No Hunting was nominated for an Academy Award for Best Animated Short Film at the 28th Academy Awards, held in 1956, but lost to the Merrie Melodies film Speedy Gonzales. It was the ninth and final such nomination received by the Donald Duck film series.
Donald Duck is enjoying a luxurious meal under a large portrait of his pioneering grandfather. The narrator notes that Donald's life is significantly easier than his ancestor who had to hunt in order to survive. Donald then sees that hunting season begins the next day and, possessed by the spirit of his grandfather, decides to participate.
When Donald arrives at the hunting grounds that evening, he finds it extremely overcrowded.

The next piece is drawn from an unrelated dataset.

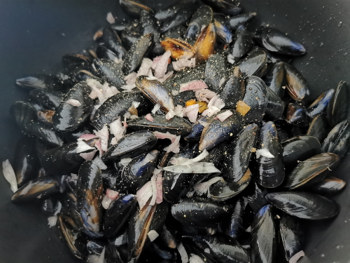 - Cuire à feu vif jusqu’à ce que toutes les moules soient bien ouvertes.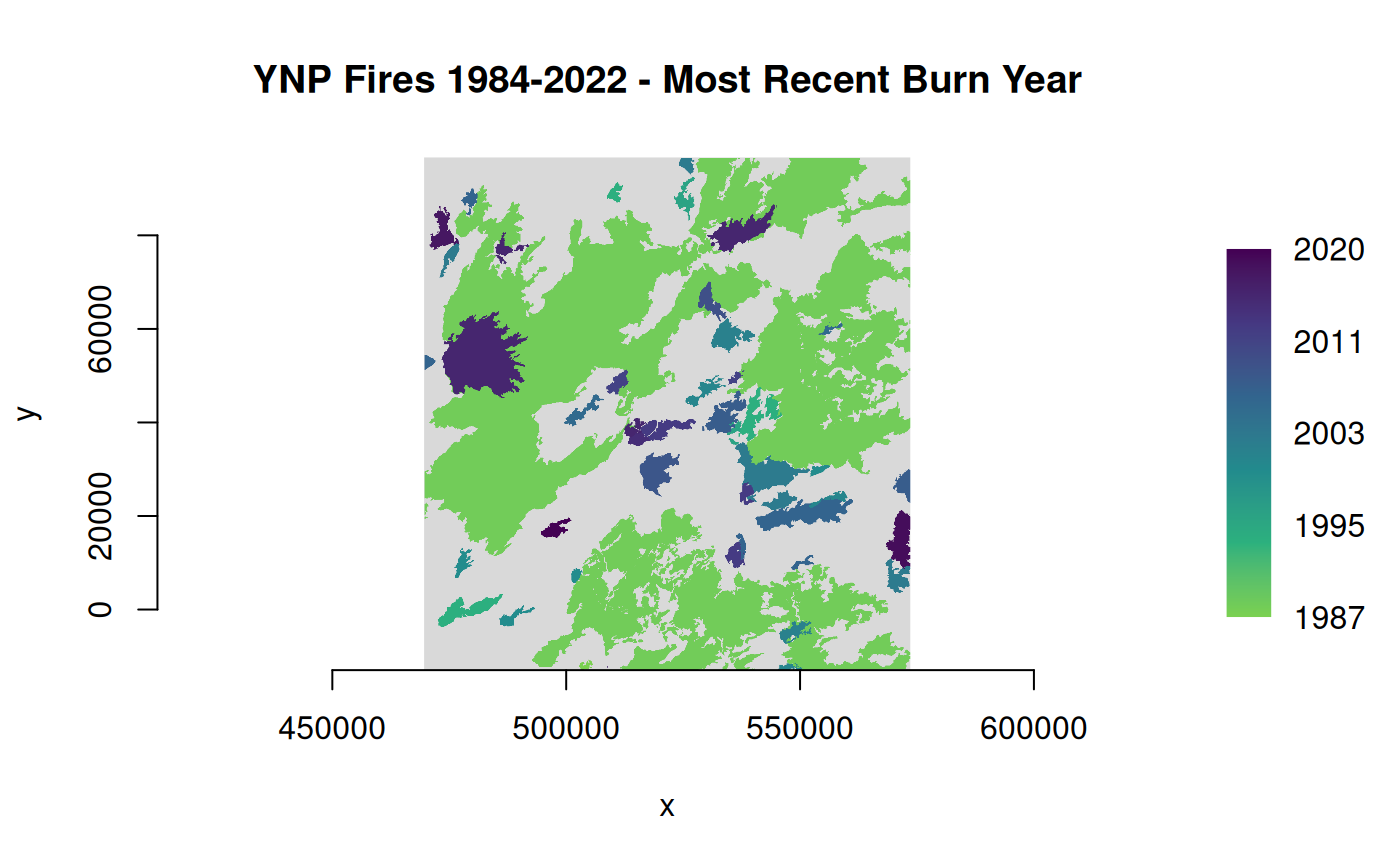main = "YNP Fires 1984-2022 - Most Recent Burn Year")

Local residents go into hiding as vendors set up shop; the deer in the forest, represented by a cameo of Bambi and his mother, leave the area after seeing loads of litter wash downstream.
The precise opening of hunting season that night unfolds in dramatic fashion. The scenes evoke stereotypical war films, depicting trench and tank warfare, amphibious landing craft, and hunters parachuting into the forest. At the end of the day, the discouraged hunters trudge home across a war-torn landscape. Yet the narrator notes that the day was "not without game", as Donald's grandfather presents a cow, taken from a local farm, which had the word "cow" painted on it so the hunters would not confuse it for a deer.